The 2012 Presidential elections have been both intriguing and exhausting. Georgians like to talk politics - conservative politics. As missionaries we try to keep our conversations neutral and short, but it was hard to avoid talking about the events. Often it was a conversation starter about the Church; but so much of the talk felt like doomsday, either, or. As a precaution, mission presidents were counseled to sequester or move missionaries in areas that could be prone to possible rioting if election results caused controversy. We moved a few of our missionaries and asked the others to stay in their apartments for the night. Throughout this political year, we stated and prayed with faith that the Lord would direct the election outcomes in His wisdom for what we, as a nation, need to receive and learn. Who should we trust more than the Lord?  We will come to learn and see His hand by looking back in the future. We certainly came to respect the Romneys as individuals, even more than candidate and family. They showed such great fortitude and character in the cause.

There is much talk of the "Mormon Moment" in the press. Will the momentum continue?  Has it peaked?  The SE Area Mission Presidents were recently counseled by Elder Rasband. He affirmed that the Lord is in charge of His work and will move it forward.  We have been told to expect a 50% increase in our missionaries by mid-year 2013.  Missionary applications increased ten-fold in the weeks following the General Conference announcement that elders can now serve at age 18 and sisters at age 19. We are excited to do our part to prepare for, welcome, and build up those missionaries. Elder Rasband explained that sometimes we simply need to get out of the way. The words spoken by Joseph Smith - the Standard of Truth - say it all. The same knowledge and determination should be ours, because the Lord is and will ever be with us and directing His work.
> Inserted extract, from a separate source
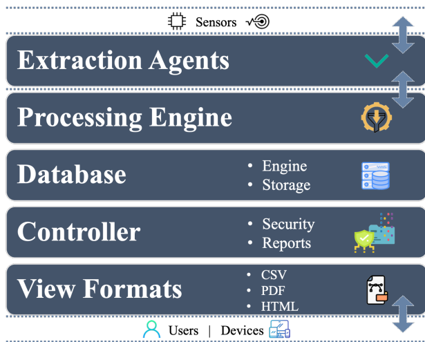
Fig. 3. AquApp's Platform Architecture

in a joint work for the management of access to air quality information and baseline for making timely decisions for the sustainable development of the district.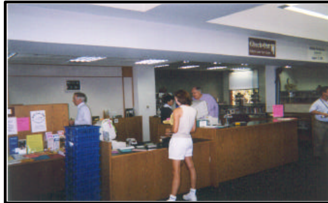
View of the circulation desk

PROJECTED OPERATING EXPENSE Skillman Southwestern Branch: $368,226

"The Standard of Truth has been erected; no unhallowed hand can stop the work from progressing; persecutions may rage, mobs may combine, armies may assemble, calumny may defame, but the truth of God will go forth boldly, nobly, and independent, till it has penetrated every continent, visited every clime, swept every country, and sounded in every ear, till the purposes of God shall be accomplished, and the Great Jehovah shall say the work is done.”